* **PROBLEM REQUIREMENTS**: Return each line of the listing below, unchanged, and omit the images.

* **THE DATA**:

_ _ _ _

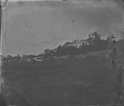 | 見どころ・解説 | 明治6年(1873)頃に旧上野城の本丸正面(南側)に残る石垣を撮影したものである。原板はコロジオン湿板写真ガラスネガで、東京大学史料編纂所の調査によってデジタル化された。手前に広がるのが扇之芝と呼ばれた空閑地、奥に武具蔵や磯野丹下屋敷の長屋門などを確認できる。本丸内部は樹木が鬱蒼とした様子で、植物が石垣に覆いかぶさる様子が見られる。右手の石垣には幅9間(約16.36m)、深さ5尺5寸(約1.66m)の内堀が周囲を巡っていたはずであるが、その状況をうかがえない。 |
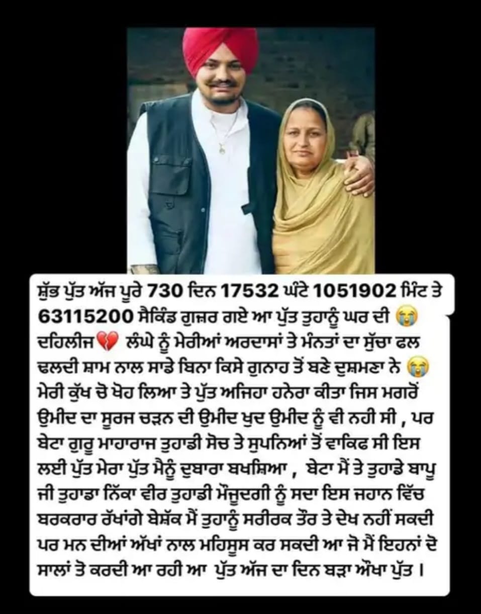 ਮਾਨਸਾ, 29 ਮਈ- ਸਿੱਧੂ ਮੂਸੇੇਵਾਲਾ ਦੀ ਮਾਤਾ ਚਰਨ ਕੌਰ ਵੱਲੋਂ ਆਪਣੇ ਪੁੱਤਰ ਨੂੰ ਅੱਜ 29 ਮਈ ਨੂੰ ਯਾਦ ਕਰਦਿਆਂ ਭਾਵੁਕ ਪੋਸਟ ਸ਼ੇਅਰ ਕੀਤੀ ਗਈ ਹੈ। ਇਸ ਪੋਸਟ ਨੇ ਹਰ ਕਿਸੇ ਦੀਆਂ ਅੱਖਾਂ ਨਮ ਕਰ ਦਿੱਤੀਆਂ ਹਨ। ਮਾਤਾ ਚਰਨ ਕੌਰ ਨੇ ਆਪਣੇ ਸੋਸ਼ਲ ਮੀਡੀਆ ਹੈਂਡਲ ਉੱਪਰ ਸਿੱਧੂ ਨਾਲ ਤਸਵੀਰ ਸ਼ੇਅਰ ਕਰਦਿਆਂ ਕੈਪਸ਼ਨ ਵਿੱਚ ਲਿਖਿਆ, ‘ਸ਼ੁੱਭ ਪੁੱਤ ਅੱਜ ਪੂਰੇ 730 ਦਿਨ 17532 ਘੰਟੇ 1051902 ਮਿੰਟ ਤੇ 63115200 ਸੈਕਿੰਡ ਗੁਜ਼ਰ ਗਏ ਆ… ਪੁੱਤ ਤੁਹਾਨੂੰ ਘਰ ਦੀ ਦਹਿਲੀਜ਼ ਲੰਘੇ ਨੂੰ, ਮੇਰੀਆਂ ਅਰਦਾਸਾਂ ਤੇ ਮੰਨਤਾਂ ਦਾ ਸੁੱਚਾ ਫਲ ਢਲਦੀ ਸ਼ਾਮ ਨਾਲ ਸਾਡੇ ਬਿਨਾ ਕਿਸੇ ਗੁਨਾਹ ਤੋਂ ਬਣੇ ਦੁਸ਼ਮਣਾ ਨੇ ਮੇਰੀ ਕੁੱਖ ਚੋ ਖੋਹ ਲਿਆ ਤੇ ਪੁੱਤ ਅਜਿਹਾ ਹਨੇਰਾ ਕੀਤਾ, ਜਿਸ ਮਗਰੋਂ ਉਮੀਦ ਦਾ ਸੂਰਜ ਚੜਨ ਦੀ ਉਮੀਦ ਖੁਦ ਉਮੀਦ ਨੂੰ ਵੀ ਨਹੀ ਸੀ ਪਰ ਬੇਟਾ ਗੁਰੂ ਮਾਹਾਰਾਜ ਤੁਹਾਡੀ ਸੋਚ ਤੇ ਸੁਪਨਿਆਂ ਤੋਂ ਵਾਕਿਫ ਸੀ। ਇਸ ਲਈ ਪੁੱਤ ਮੇਰਾ ਪੁੱਤ ਮੈਨੂੰ ਦੁਬਾਰਾ ਬਖਸ਼ਿਆ, ਬੇਟਾ ਮੈਂ ਤੇ ਤੁਹਾਡੇ ਬਾਪੂ ਜੀ ਤੁਹਾਡਾ ਨਿੱਕਾ ਵੀਰ ਤੁਹਾਡੀ ਮੌਜੂਦਗੀ ਨੂੰ ਸਦਾ ਇਸ ਜਹਾਨ ਵਿੱਚ ਬਰਕਰਾਰ ਰੱਖਾਂਗੇ, ਬੇਸ਼ੱਕ ਮੈਂ ਤੁਹਾਨੂੰ ਸਰੀਰਕ ਤੌਰ ’ਤੇ ਦੇਖ ਨਹੀਂ ਸਕਦੀ ਪਰ ਮਨ ਦੀਆਂ ਅੱਖਾਂ ਨਾਲ ਮਹਿਸੂਸ ਕਰ ਸਕਦੀ ਆ, ਜੋ ਮੈਂ ਇਨ੍ਹਾਂ ਦੋ ਸਾਲਾਂ ਤੋਂ ਕਰਦੀ ਆ ਰਹੀ ਆ ਪੁੱਤ ਅੱਜ ਦਾ ਦਿਨ ਬੜਾ ਔਖਾ ਪੁੱਤ।
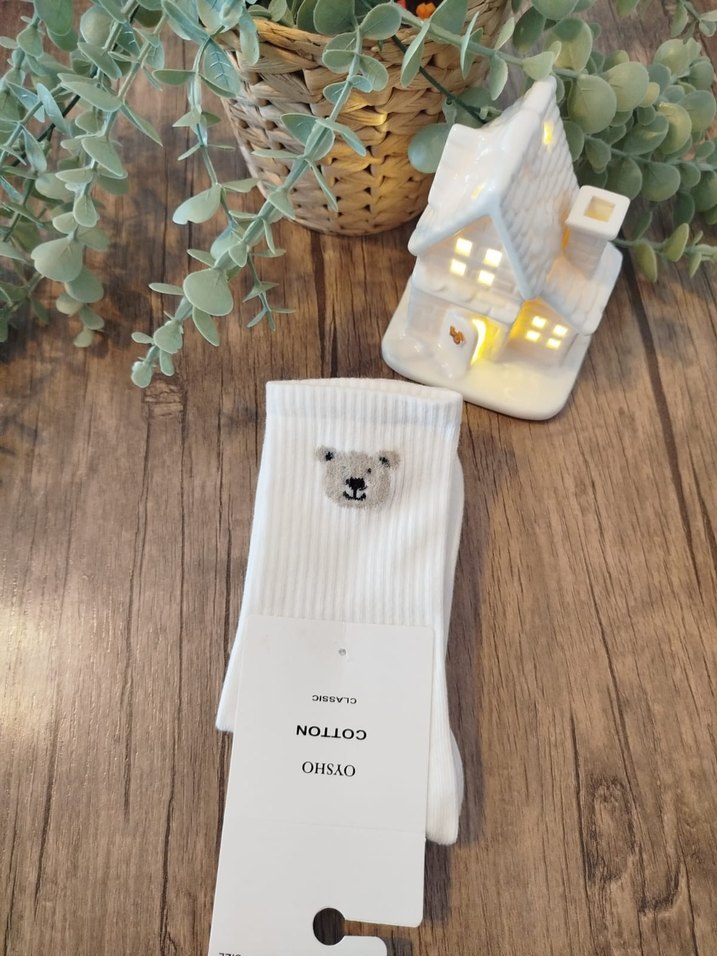 2 Li PAKET Pamuklu beyaz kız çocuk çorapları, gri ayıcık deseniyle yumuşak ve rahat kullanıma sahiptir. #oysho #kutupayisi #oyshocorap
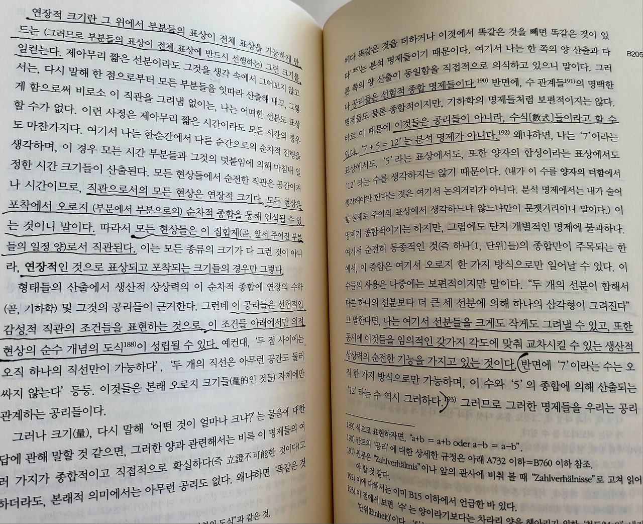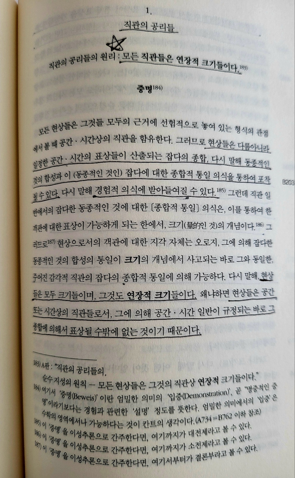 연장적 크기란, 그 위에서 부분들의 표상이 전체 표상을 가능하게 만드는 그런 크기를 일컫는다. 직관으로서의 모든 현상은 연장적 크기다. 모든 현상은 포착에서 오로지 (부분에서 부분으로의) 순차적 종합을 통해 인식될 수 있는 것이니 말이다. 따라서 모든 현상들은 이 집합체(앞서 주어진 부분들의 일정 양)로서 직관된다. 이는 모든 종류의 크기가 다 그런 것이 아니라, 연장적인 것으로 표상되고 포착되는 크기들의 경우만 그렇다.

_ _ _ _

* **WRITTEN REPLY**:
 | 見どころ・解説 | 明治6年(1873)頃に旧上野城の本丸正面(南側)に残る石垣を撮影したものである。原板はコロジオン湿板写真ガラスネガで、東京大学史料編纂所の調査によってデジタル化された。手前に広がるのが扇之芝と呼ばれた空閑地、奥に武具蔵や磯野丹下屋敷の長屋門などを確認できる。本丸内部は樹木が鬱蒼とした様子で、植物が石垣に覆いかぶさる様子が見られる。右手の石垣には幅9間(約16.36m)、深さ5尺5寸(約1.66m)の内堀が周囲を巡っていたはずであるが、その状況をうかがえない。 |
 ਮਾਨਸਾ, 29 ਮਈ- ਸਿੱਧੂ ਮੂਸੇੇਵਾਲਾ ਦੀ ਮਾਤਾ ਚਰਨ ਕੌਰ ਵੱਲੋਂ ਆਪਣੇ ਪੁੱਤਰ ਨੂੰ ਅੱਜ 29 ਮਈ ਨੂੰ ਯਾਦ ਕਰਦਿਆਂ ਭਾਵੁਕ ਪੋਸਟ ਸ਼ੇਅਰ ਕੀਤੀ ਗਈ ਹੈ। ਇਸ ਪੋਸਟ ਨੇ ਹਰ ਕਿਸੇ ਦੀਆਂ ਅੱਖਾਂ ਨਮ ਕਰ ਦਿੱਤੀਆਂ ਹਨ। ਮਾਤਾ ਚਰਨ ਕੌਰ ਨੇ ਆਪਣੇ ਸੋਸ਼ਲ ਮੀਡੀਆ ਹੈਂਡਲ ਉੱਪਰ ਸਿੱਧੂ ਨਾਲ ਤਸਵੀਰ ਸ਼ੇਅਰ ਕਰਦਿਆਂ ਕੈਪਸ਼ਨ ਵਿੱਚ ਲਿਖਿਆ, ‘ਸ਼ੁੱਭ ਪੁੱਤ ਅੱਜ ਪੂਰੇ 730 ਦਿਨ 17532 ਘੰਟੇ 1051902 ਮਿੰਟ ਤੇ 63115200 ਸੈਕਿੰਡ ਗੁਜ਼ਰ ਗਏ ਆ… ਪੁੱਤ ਤੁਹਾਨੂੰ ਘਰ ਦੀ ਦਹਿਲੀਜ਼ ਲੰਘੇ ਨੂੰ, ਮੇਰੀਆਂ ਅਰਦਾਸਾਂ ਤੇ ਮੰਨਤਾਂ ਦਾ ਸੁੱਚਾ ਫਲ ਢਲਦੀ ਸ਼ਾਮ ਨਾਲ ਸਾਡੇ ਬਿਨਾ ਕਿਸੇ ਗੁਨਾਹ ਤੋਂ ਬਣੇ ਦੁਸ਼ਮਣਾ ਨੇ ਮੇਰੀ ਕੁੱਖ ਚੋ ਖੋਹ ਲਿਆ ਤੇ ਪੁੱਤ ਅਜਿਹਾ ਹਨੇਰਾ ਕੀਤਾ, ਜਿਸ ਮਗਰੋਂ ਉਮੀਦ ਦਾ ਸੂਰਜ ਚੜਨ ਦੀ ਉਮੀਦ ਖੁਦ ਉਮੀਦ ਨੂੰ ਵੀ ਨਹੀ ਸੀ ਪਰ ਬੇਟਾ ਗੁਰੂ ਮਾਹਾਰਾਜ ਤੁਹਾਡੀ ਸੋਚ ਤੇ ਸੁਪਨਿਆਂ ਤੋਂ ਵਾਕਿਫ ਸੀ। ਇਸ ਲਈ ਪੁੱਤ ਮੇਰਾ ਪੁੱਤ ਮੈਨੂੰ ਦੁਬਾਰਾ ਬਖਸ਼ਿਆ, ਬੇਟਾ ਮੈਂ ਤੇ ਤੁਹਾਡੇ ਬਾਪੂ ਜੀ ਤੁਹਾਡਾ ਨਿੱਕਾ ਵੀਰ ਤੁਹਾਡੀ ਮੌਜੂਦਗੀ ਨੂੰ ਸਦਾ ਇਸ ਜਹਾਨ ਵਿੱਚ ਬਰਕਰਾਰ ਰੱਖਾਂਗੇ, ਬੇਸ਼ੱਕ ਮੈਂ ਤੁਹਾਨੂੰ ਸਰੀਰਕ ਤੌਰ ’ਤੇ ਦੇਖ ਨਹੀਂ ਸਕਦੀ ਪਰ ਮਨ ਦੀਆਂ ਅੱਖਾਂ ਨਾਲ ਮਹਿਸੂਸ ਕਰ ਸਕਦੀ ਆ, ਜੋ ਮੈਂ ਇਨ੍ਹਾਂ ਦੋ ਸਾਲਾਂ ਤੋਂ ਕਰਦੀ ਆ ਰਹੀ ਆ ਪੁੱਤ ਅੱਜ ਦਾ ਦਿਨ ਬੜਾ ਔਖਾ ਪੁੱਤ।
 2 Li PAKET Pamuklu beyaz kız çocuk çorapları, gri ayıcık deseniyle yumuşak ve rahat kullanıma sahiptir. #oysho #kutupayisi #oyshocorap
 연장적 크기란, 그 위에서 부분들의 표상이 전체 표상을 가능하게 만드는 그런 크기를 일컫는다. 직관으로서의 모든 현상은 연장적 크기다. 모든 현상은 포착에서 오로지 (부분에서 부분으로의) 순차적 종합을 통해 인식될 수 있는 것이니 말이다. 따라서 모든 현상들은 이 집합체(앞서 주어진 부분들의 일정 양)로서 직관된다. 이는 모든 종류의 크기가 다 그런 것이 아니라, 연장적인 것으로 표상되고 포착되는 크기들의 경우만 그렇다.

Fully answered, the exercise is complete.